JAKARTA, RADIANTVOICE.ID – Aliansi Jurnalis Independen (AJI) Indonesia melaporkan tiga kasus ketenagakerjaan di sektor media ke Dewan Pers. Kasus ini melibatkan jurnalis dari CNN Indonesia, Pinusi.com, dan Voice of America (VOA). Langkah ini bertujuan menyoroti persoalan ketenagakerjaan yang masih terjadi di berbagai perusahaan media.
Ketua Bidang Ketenagakerjaan AJI Indonesia, Edi Faisol, menyatakan bahwa laporan ini hanyalah sampel dari banyaknya pelanggaran hak pekerja media.
“Survei nasional kami menunjukkan kondisi pekerja freelance juga sangat memprihatinkan,” ujar Edi saat bertemu Dewan Pers di Jakarta, Selasa (21/1/2025).
Menurut Edi, banyak perusahaan media, baik nasional maupun daerah, yang tidak mematuhi standar verifikasi Dewan Pers dan aturan ketenagakerjaan. Bahkan, media asing seperti VOA dianggap lalai memenuhi kewajibannya terhadap pekerja.
Salah satu contoh pelanggaran terjadi pada mantan Ketua AJI Indonesia, Sasmito, yang menjadi korban pemutusan hubungan kerja (PHK) sepihak oleh VOA. Kasus ini menegaskan perlunya pengawasan ketat terhadap perusahaan media.
AJI meminta Dewan Pers menjalin kerja sama dengan Kementerian Ketenagakerjaan. Tujuannya, meningkatkan pengawasan hubungan industrial agar lebih adil dan memadai.

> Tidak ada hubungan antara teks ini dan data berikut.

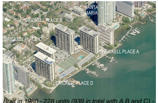
Built in 1980 - 228 units (939 in total with A, B and C) - 23 floors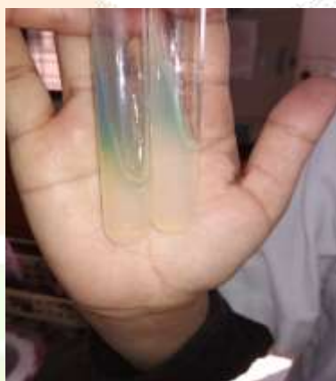
Photo 5 Growth of Pseudomonas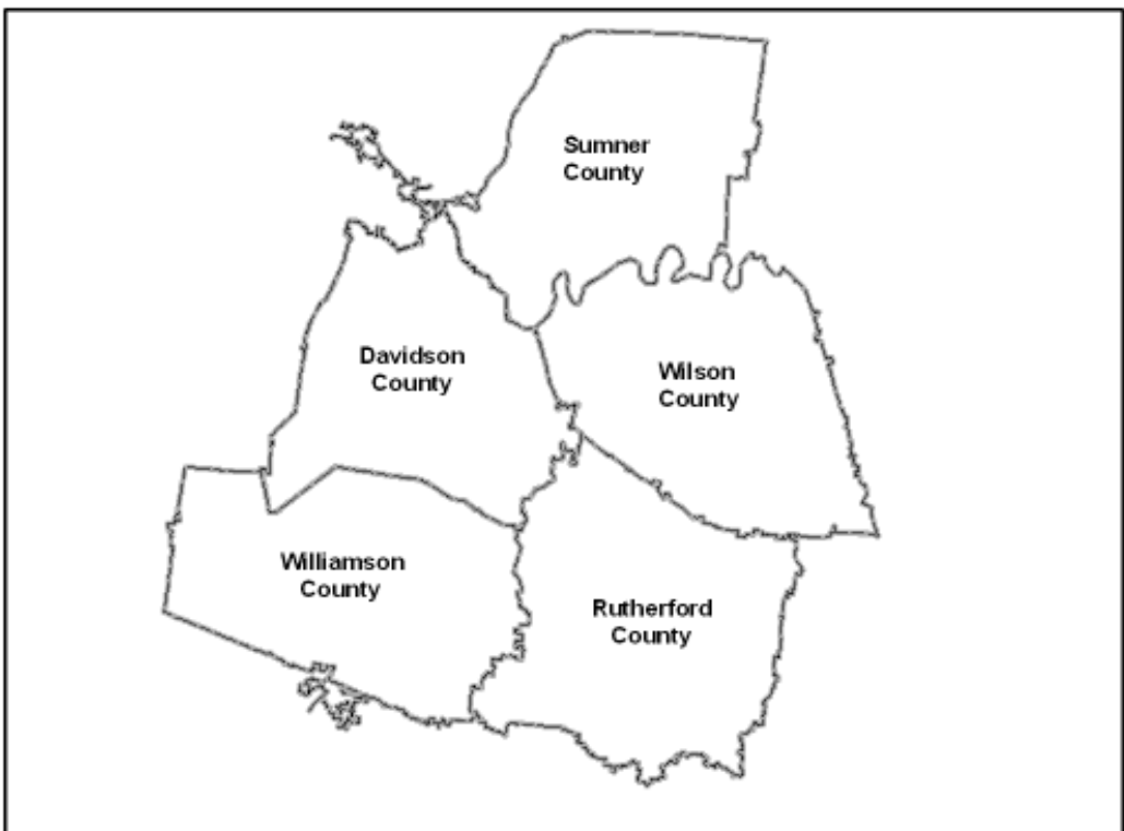
This map is for illustrative purposes only. Drawings depict conceptual project corridors and areas, not approved alignments.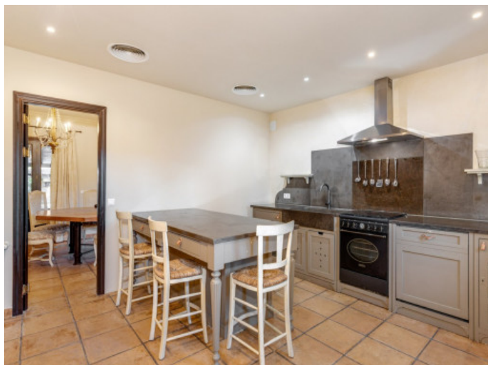
Modern kitchen with breakfast table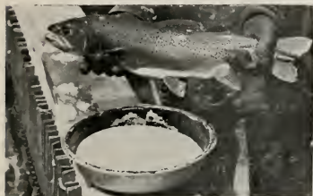
Taking fish spawn.

The Montana Fish and Game Department operates nine fish hatcheries located at Anaconda, Arlee, Big Timber, Bluewater (Bridger), Emigrant, Great Falls, Lewistown, Libby and Somers. The potential production of any hatchery is controlled by water quality, temperature and volume. These are most favorable at Lewistown, Anaconda, Bluewater and Great Falls. Thus these are the best stations and together with Arlee produce over 90% of the catchable-sized fish used in management programs. Arlee is the brood station for rainbow trout. A high-quality brood stock of these fish has been developed at Arlee and this station now produces all the rainbow eggs the department requires. Prior to the development of this brood, eggs were provided by trapping wild stocks and by direct purchase from out-of-state sources. Not only do we now have better quality eggs, but the supply is more dependable and the cost of eggs has been reduced.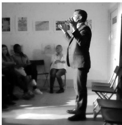
Performance in the Workshop Room Fringe 2016

Hire: £30 for shows up to one hour with discounts for block bookings. £15 per hour for workshops.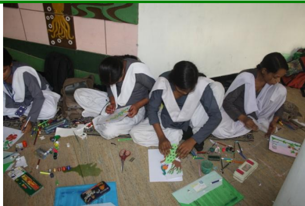
Students making greetings cards and collages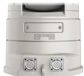
Heavy-Duty Aviation Cables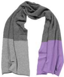
GREY & LILAC WIDE STRIPE SCARF 123015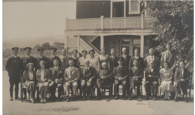
Council and staff in front of Municipal Hall on West Saanich Road, 1930s (2009-020-017)

Archives staff are always working to make our records more accessible, and to make the public aware of what is available in our archival holdings. The following are records that have recently been processed and are available for viewing in the reference room: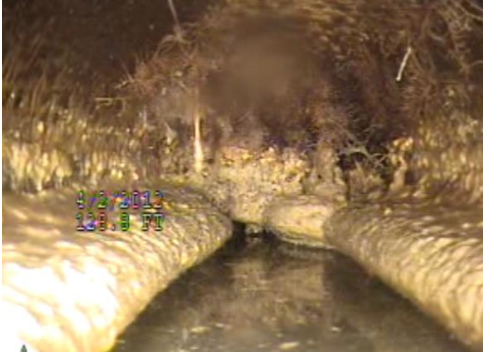
Figure 1: Buildup of grease causes a decrease in pipe diameter

A negative byproduct of food preparation and cleaning is fats, oils and grease (FOG). This can be created by dumping fried foods, dairy products, salad dressings, oils from cooking, etc. down the drain. This discharge can build up in a sanitary sewer lateral or main after it solidifies and create a blockage of the sewage that is on its way to be treated before being discharged back into the environment. The blockage in the sanitary sewer lateral or main can create sanitary sewer backups into properties as the sewage has no alternative but to surcharge up a sanitary sewer lateral. These products should be cooled, solidified and put into your trash can. Some evidence of the impact of FOG discharge into a sanitary sewer are found below: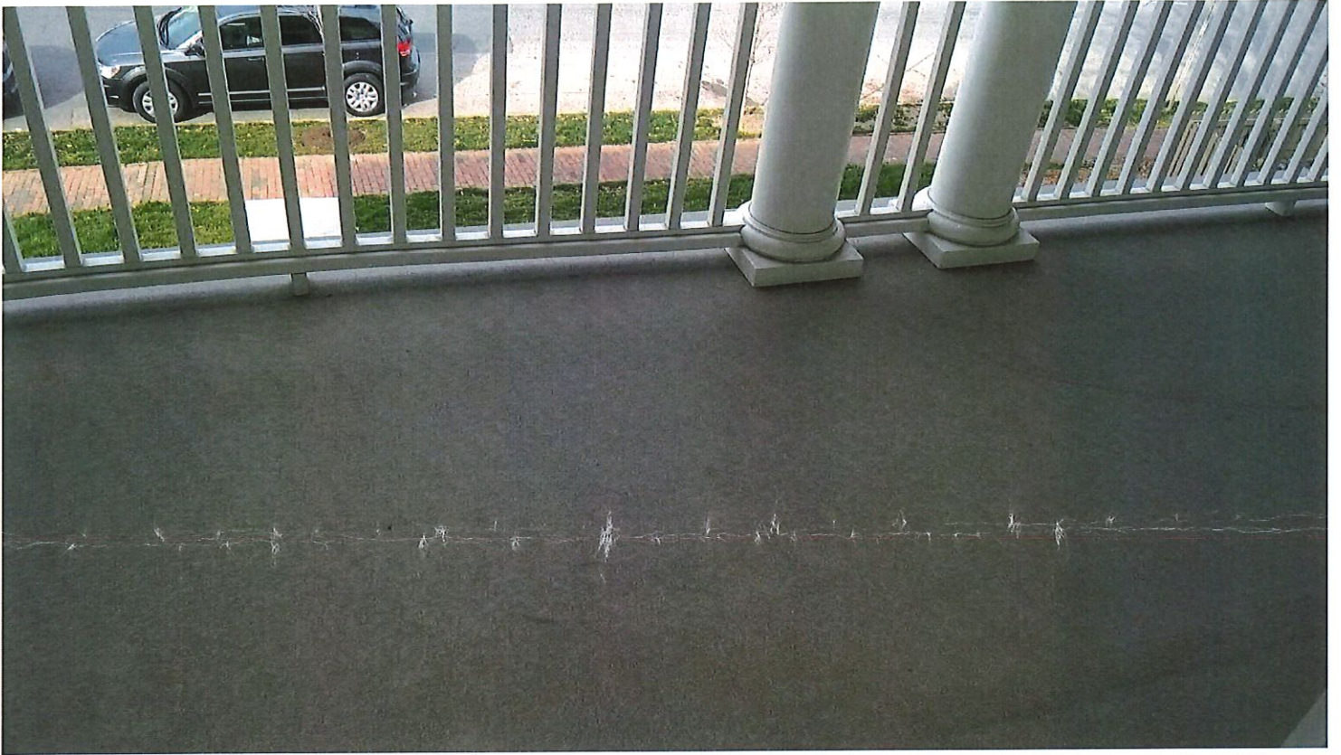
CURRENT FRONT PORCH FLOORING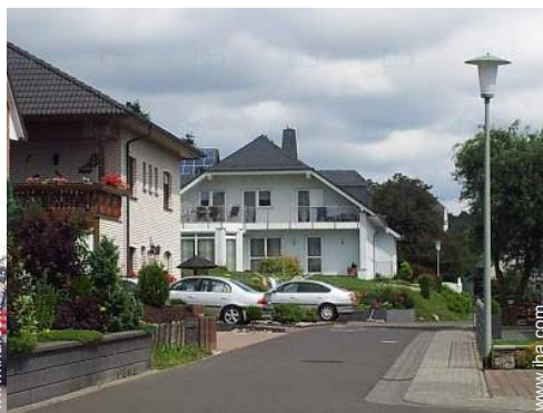
the apartment house/building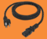
AC Power Cord

● Connect External Power Supply to Compressor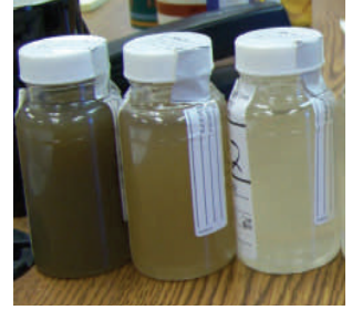
The above image is water samples collected earlier this year from Waterloo and Bee Creek. The samples are tested for E.coli. Evidence of suspended sediments is evident in some of the samples

within the stream. All values are important to show how interactions and conditions affect the water quality in the watershed streams. Since April of 2010 water sampling has been conducted by the Allamakee SWCD at 8 selected points. The locations are along Bee, Duck, and Waterloo Creek. Valuable data has been collected since the spring and will be through the late fall. All water sampling data will be available in Waterloo Creek Watershed Plan, which will be released in December.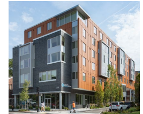
Weinberg House Brighton, MA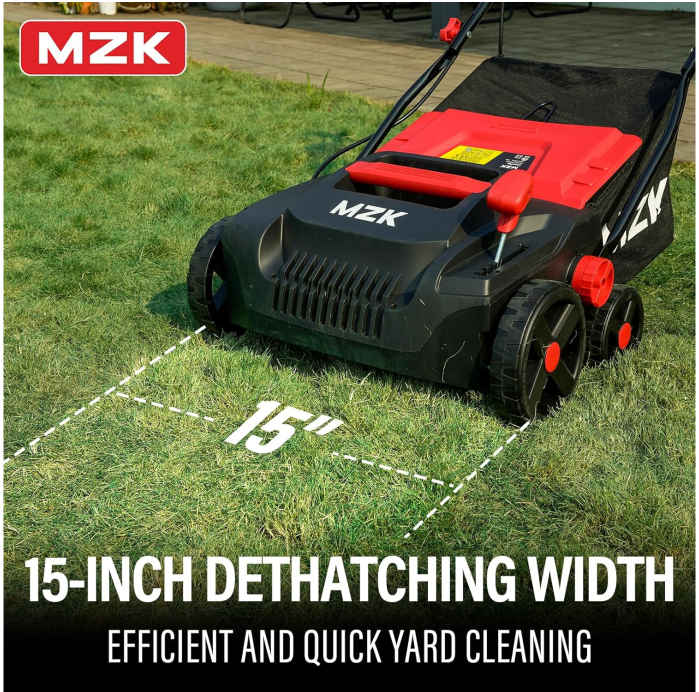
Image Description: A full view of the MZK 15-inch 2-in-1 Electric Dethatcher and Scarifier on a green lawn. The machine is red and black, with a collection bag at the rear and a handle extending upwards. The image highlights its 15-inch dethatching width for efficient yard cleaning.

Familiarize yourself with the main components of your dethatcher/scarifier.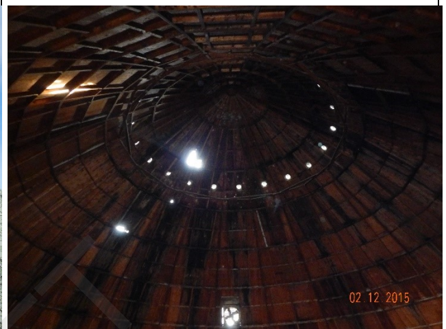
Damage inside of salt dome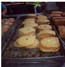
Cookies 100% sorghum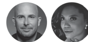
Yannick Nézet-Séguin, conductor Angel Blue, soprano

At the height of the 20th century's Great Depression, African-American composer Florence Price transcribed the daily struggles men and women faced through the evocative power of the orchestra. A veritable sound smith, Montréal-based Keiko Devaux works with acoustic and electroacoustic sound to create original compositions. Angel Blue, one of the most in-demand sopranos in the world, lends her stunning voice to Barber's work.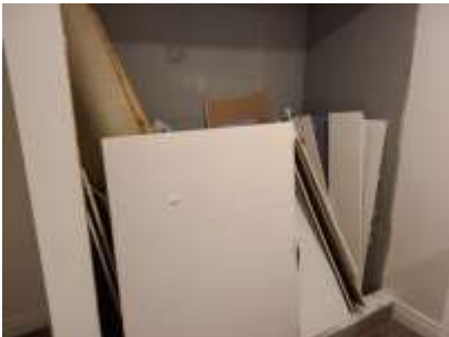
Pic. 40: Basement bath – needs to be completed

Edi menegaskan bahwa perusahaan media yang tidak mampu membayar upah layak seharusnya kehilangan sertifikasi Dewan Pers.
“Lebih baik dicabut sertifikasinya daripada menjadi tempat eksploitasi jurnalis,” katanya.
Ketua Dewan Pers, Ninik Rahayu, mengakui bahwa selama ini fokus Dewan Pers lebih banyak pada sengketa konten berita. Ia menyebut bahwa perhatian terhadap masalah ketenagakerjaan juga harus menjadi prioritas.
Ninik menyoroti pentingnya syarat verifikasi media, yang mencakup upah sesuai UMR dan jaminan sosial seperti BPJS Kesehatan dan Ketenagakerjaan. Namun, masih banyak perusahaan yang memanipulasi dokumen verifikasi.
“Beberapa perusahaan bahkan meminta pekerjanya mengembalikan uang setelah menerima transfer upah sesuai UMP,” ujar Ninik. Praktik ini menjadi salah satu bentuk pelanggaran yang harus ditindak tegas.
Ninik juga mendorong perusahaan media menghormati hak jurnalis untuk mendirikan serikat pekerja. Sayangnya, kasus seperti yang dialami Solidaritas Pekerja CNN Indonesia (SPCI) menunjukkan bahwa dialog konstruktif sering kali tidak terjadi.
Hak berserikat, menurut Ninik, adalah bagian dari hak asasi manusia yang diatur dalam Pasal 28 UUD 1945.
“Pendirian serikat pekerja tidak boleh dihalang-halangi,” tegasnya.
Dewan Pers bahkan mengusulkan agar keberadaan serikat pekerja dijadikan nilai tambah dalam proses verifikasi media. Hal ini diharapkan mampu mendorong perusahaan media lebih peduli terhadap kesejahteraan karyawannya.
Ketua Komisi Hubungan Antar Lembaga dan Luar Negeri Dewan Pers, Totok Suryanto, menyoroti ketergantungan banyak media daerah pada anggaran pemerintah. Ketergantungan ini dianggap mengancam independensi jurnalistik.
“Ketergantungan ini membuat media berpotensi menjadi alat propaganda atau hubungan masyarakat bagi pemerintah daerah,” jelas Totok. Kondisi ini, menurutnya, perlu segera diatasi.
Dewan Pers berencana memperketat regulasi terkait pengawasan implementasi syarat administrasi perusahaan media. Langkah ini diharapkan mampu mencegah pelanggaran ketenagakerjaan dan meningkatkan kualitas industri media secara keseluruhan (RED).